----- SUPPLIED RECORDS -----
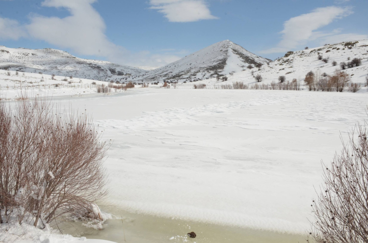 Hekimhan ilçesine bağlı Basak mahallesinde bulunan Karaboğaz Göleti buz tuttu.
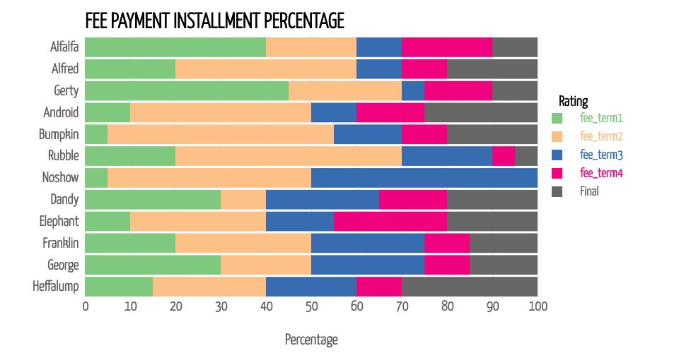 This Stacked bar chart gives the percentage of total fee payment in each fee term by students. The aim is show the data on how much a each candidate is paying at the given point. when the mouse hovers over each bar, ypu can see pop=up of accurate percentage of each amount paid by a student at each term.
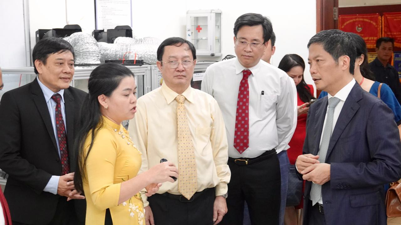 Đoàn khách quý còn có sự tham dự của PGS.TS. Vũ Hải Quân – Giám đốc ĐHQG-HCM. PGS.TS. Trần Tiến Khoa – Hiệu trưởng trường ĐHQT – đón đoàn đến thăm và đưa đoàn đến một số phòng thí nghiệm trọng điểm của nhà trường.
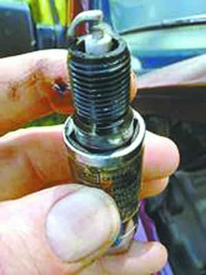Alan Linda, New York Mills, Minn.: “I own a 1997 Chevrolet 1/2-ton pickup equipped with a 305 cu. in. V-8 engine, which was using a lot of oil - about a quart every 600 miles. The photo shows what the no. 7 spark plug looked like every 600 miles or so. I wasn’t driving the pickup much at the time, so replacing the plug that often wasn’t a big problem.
-----
----- SUPPLIED RECORDS -----
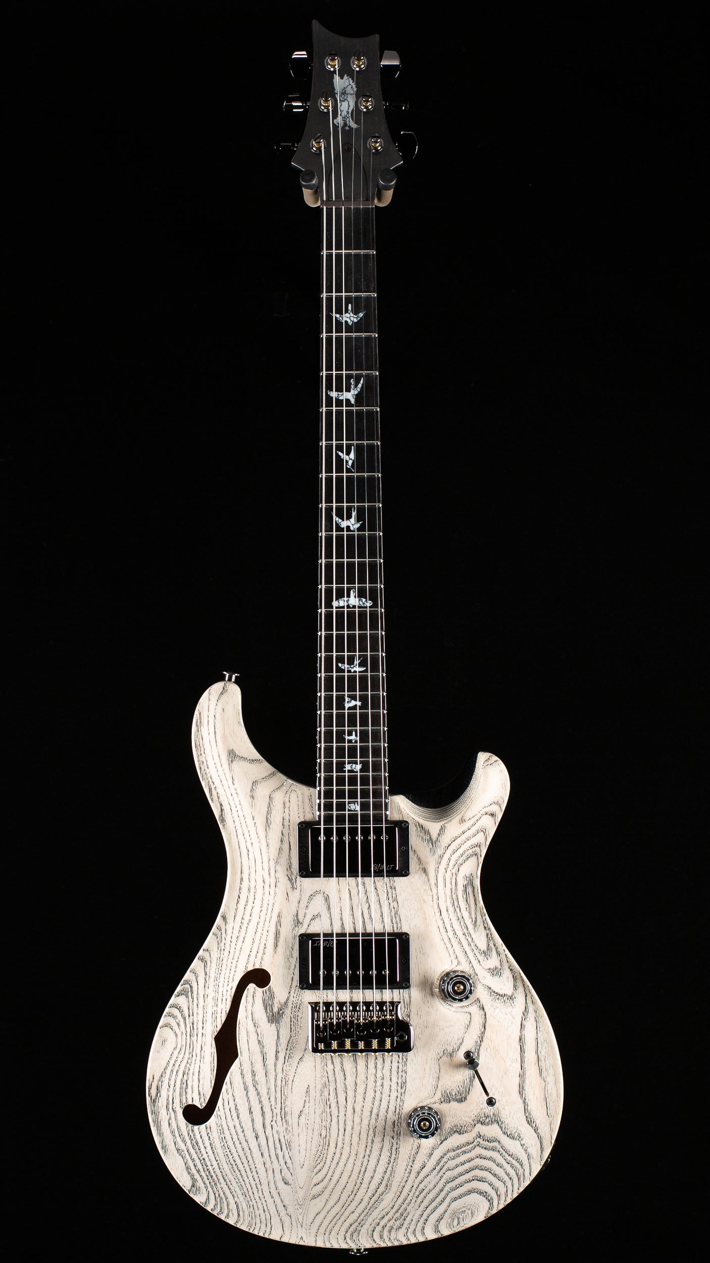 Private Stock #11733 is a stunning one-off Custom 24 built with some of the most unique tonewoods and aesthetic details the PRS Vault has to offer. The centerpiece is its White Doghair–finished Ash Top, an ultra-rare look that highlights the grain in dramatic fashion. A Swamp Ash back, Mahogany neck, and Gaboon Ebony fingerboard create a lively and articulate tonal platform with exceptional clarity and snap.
-----
ACTION ITEM: Above, find the line with "Hekimhan ilçesine bağlı"; copy it and every line down to the line with "Alan Linda, New", exactly and both included, but no pictures.

TASK RESULT:
 Hekimhan ilçesine bağlı Basak mahallesinde bulunan Karaboğaz Göleti buz tuttu.
 This Stacked bar chart gives the percentage of total fee payment in each fee term by students. The aim is show the data on how much a each candidate is paying at the given point. when the mouse hovers over each bar, ypu can see pop=up of accurate percentage of each amount paid by a student at each term.
 Đoàn khách quý còn có sự tham dự của PGS.TS. Vũ Hải Quân – Giám đốc ĐHQG-HCM. PGS.TS. Trần Tiến Khoa – Hiệu trưởng trường ĐHQT – đón đoàn đến thăm và đưa đoàn đến một số phòng thí nghiệm trọng điểm của nhà trường.
Alan Linda, New York Mills, Minn.: “I own a 1997 Chevrolet 1/2-ton pickup equipped with a 305 cu. in. V-8 engine, which was using a lot of oil - about a quart every 600 miles. The photo shows what the no. 7 spark plug looked like every 600 miles or so. I wasn’t driving the pickup much at the time, so replacing the plug that often wasn’t a big problem.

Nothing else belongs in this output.